Hacker News new | past | comments | ask | show | jobs | submit login
DeepNet: Scaling Transformers to 1k Layers (arxiv.org)
194 points by homarp on March 2, 2022 | hide | past | favorite | 38 comments



5 BLEU points more is massive with 4 times less params.

The fact that layers themselves are narrower means that training and evaluation of the NN is also much faster.


Why would evaluation be faster with more narrow layers? If there were fewer tokens it would definitely be faster, because transformers scale by tokens^2, but here "narrow" means number of channels, for presumably the same number of tokens.


If I remember correctly the fully connected layers after the attention block are [?, a*h] * [a*h, b*h] (for some scalars a,b and hidden size h), which means that transformers also scale with h^2. I don't know what fraction of the total FLOPs that section of the model takes for practical model sizes, but it would indicate that making the model narrower for the same number of params would reduce compute.


Oh yeah, I think you're right. If it's all fully-connected (and parts of a transformer are) then more thinner layers use fewer FLOPs than fewer thicker layers, for the same number of parameters. As long as the layers are wide enough to keep the GPU busy it'll run faster.


It is notable that they got only 2.5 extra BLEU while translating text to english, and 6.2 extra when translating text from english to another language.

Since the network will have seen far more english text than text of other languages, it suggests that performance on limited training data is more improved.


That's exciting. Getting better performance with more data is trivial, the hard part is getting better performance with less data.


Actually no. Each layer requires output from previous one, which means sequentially computation. While wider layers can utilize GPU parallel computation better. This is kind of trade-off between less memory (less parameters) vs longer time.


A lot of previous transformer-based models did not have great depth simply because "shallow" transformers already took forever to train.

I am concerned that we are approaching an age where only massive companies and research groups with tons of GPU resources will be able to train next-gen models.


This study suggests that the number of parameters can be significantly reduced using deeper networks, which is a consistent finding in ML research.
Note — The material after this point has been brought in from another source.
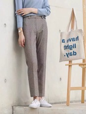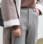 ヘリンボーン厚手ウールパンツ、ハイウエスト、スリミング、カジュアル、ストレートレッグ、クロップド、エレガント
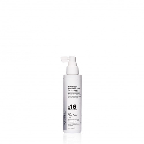 X16 Primer Repair Fluid to molekularny podkład bez spłukiwania stosowany przed zabiegami: ułatwia penetrację kolejnych produktów i chroni włosy podczas aplikacji. Wzbogacony o aminopeptydy, hydrolizowane proteiny pszenicy i jedwabiu, które wspomagają regenerację łańcuchów polipeptydowych keratyny na poziomie molekularnym, poprawiając sprężystość, odporność i połysk. Rozpylać na włosy przed krokami odbudowującymi (np. X17).

So these results could actually help to decrease the amount of computing resources required.


I reached the same conclusion but was actually happy about it. When I just started working on neural networks I had almost no competition. Then starting from ~2015 suddenly everybody did neural networks, but all backprop. Right now almost nobody can work on backprop anymore because to improve the status quo you need massive budgets. So I can finally work in peace again on other more obscure neural networks that are way more fun in my opinion. The work is more creative than just tweaking backprop a bit more.


> approaching

We were already there in 2020.


That's why open research groups like EleutherAI are critical. They've used elbow grease and enthusiasm to follow in the tracks of OpenAI and Microsoft, and some of their members have prolifically coded implementations of the latest and greatest theory in papers.

Huggingface is also worthy of great praise, making the models accessible and lowering the barrier to actual commercial use.

Lastly, Google deserves props for Colab. You can run models that are 80% as good as the ones which initially cost millions of usd to produce. Even the free tier is excellent, and I've pointed various people to them as a resource for developing practical hands-on experience with machine learning.

This is a wonderful ai summer we're having, appreciate it while you can!


There is still plenty of interesting and relevant ml research available to people who don't have access to CERN-sized compute clusters, just like there is still plenty of interesting and relevant research for physicists outside of CERN.


> only massive companies and research groups with tons of GPU resources will be able to train next-gen models

Oh, don't be. We are already at this stage.


I'm not too concerned GPUs scale very well horizontally and aren't as much effected by Moore's Law as Single Thread Bound algorithms. We just discovered a new class of algorithms and hardware needs time to catch up from big gpu clusters to end user hardware


I'm not particularly concerned about this tbh. What I mean is that ML is highly relevant with less resources as well, and the fact the only a handful companies or research groups have the financial power to push the state of the art isn't really a problem.


Wow. This sounds a lot like the Resnet moment for Transformers.


Interestingly, Transformer has already used residual connections before. The new part here is to actually not use the standard residual connections anymore but normalize after every layer (including the residual connection), and also have a factor on the residual connection. So you don't have a direct pathway anymore.

The argument is that otherwise, the gradient magnitude for the lower layers becomes too big. Which intuitively makes sense, because due to the residual connections, all error signals from the upper layers will end up at the lower layers.

I wonder why this is apparently not a problem for ResNet.


This moves it closer to a "temporal" integration as well. Since the factor on the residual branch can be considered a timestep in an Euler-discretization.


I hope so, but I'm not convinced. The experimental results don't persuade me that deep transformers are better than the existing extremely wide transformers with tons of parameters. Yes, they show a much better result on the multilingual benchmark (M2M-100), but that's not a super well studied problem, so I don't know that the baseline they're beating is very well optimized. And on OPUS-100 they only beat the baseline by building models with vastly more parameters, which shouldn't really surprise anybody.


What’s that?


Residual neural networks[] employ skip-layer connections. It's thought that this helps prevent gradient decay in deep networks. It's a very important advancement.

[]https://www.wikiwand.com/en/Residual_neural_network


Resnet was when we figured out how to throw a fuckton of perceptrons together and make it actually work. We didn't think networks scaled before that.


iirc that was AlexNet, ResNet came 3 years later whose refinements ended up making it better than a human at object detection.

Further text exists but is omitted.